I stare miserably down at the floor, the black and white tiles smearing into gray. When I look up, Z’s eyes meet mine, radiating shock and hurt.
“Wow, Anthem. Thanks for the support,” Zahra says in a tight voice. “I’m done here anyway.” She pushes her chair away from the table and walks past Will, slamming into his shoulder as she goes, and heads outside to the patio.
“Problem solved!” Will chirps. “Coming, dear?”
“I’ll be right back,” I mutter, then I take off after her.
I catch up with her on the patio and barely touch her shoulder, but she whirls around and shakes me off. “What?” she says tightly.
“Just give me two minutes,” I say. “I’m sick about what happened at lunch. That was . . . beyond horrible. I’m so sorry.”
“Apology not accepted. How can you be with such a prick?” She’s whispering, conscious of kids at nearby tables watching us.
“I realize how it looks,” I say in a low voice, grabbing her hand, the hand I first held in kindergarten, when we were paired as buddies on a field trip to the Bedlam Hall of Science. “Just bear with me and soon I’ll exp—”
“I think I’m just about done waiting,” Zahra snaps, wrenching her hand away like I’m poisonous. Her eyes swimming with hurt tears, she walks backward away from me. “Have fun, okay? I hope he’s worth it.”

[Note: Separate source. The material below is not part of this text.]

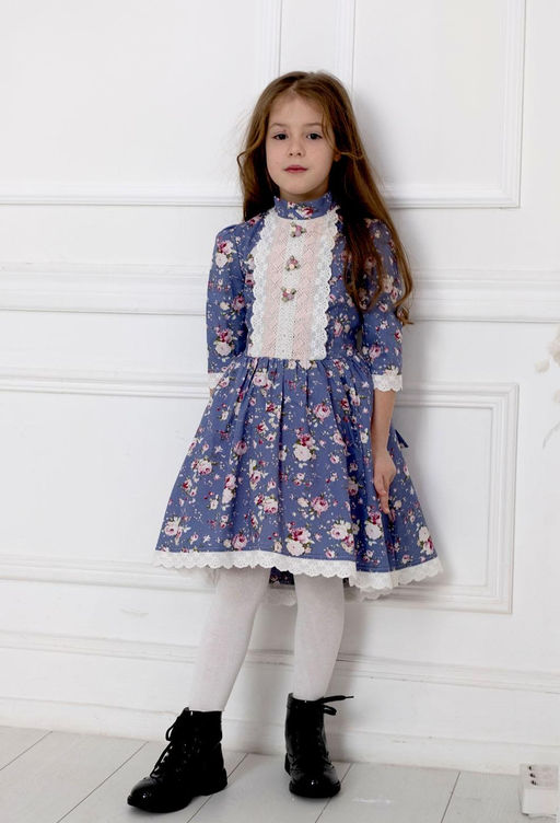 Платье для девочки для младшей, средней и старшей возрастной группы, предназначено для повседневной носки , а также подойдет для торжественных случаев в любое время. Платье выполнено из хлопковой ткани с нежным цветочным принтом .Платье декорировано изящными хлопковыми кружевами

Then she spins around and walks toward the courtyard.
I swallow a howl of frustration as I walk back to Will, my breath coming in short little puffs. Then I almost trip over an empty wrought-iron chair. “Damn it!” I mutter as I shove it out of my way. But I’m out of control and I push too hard. Way too hard, actually. The heavy chair flips and skitters ten feet, clattering off the edge of the patio and onto the half-dead grass that borders it. Everyone turns to stare at me, all lunchtime conversation ceased, all eyes on me.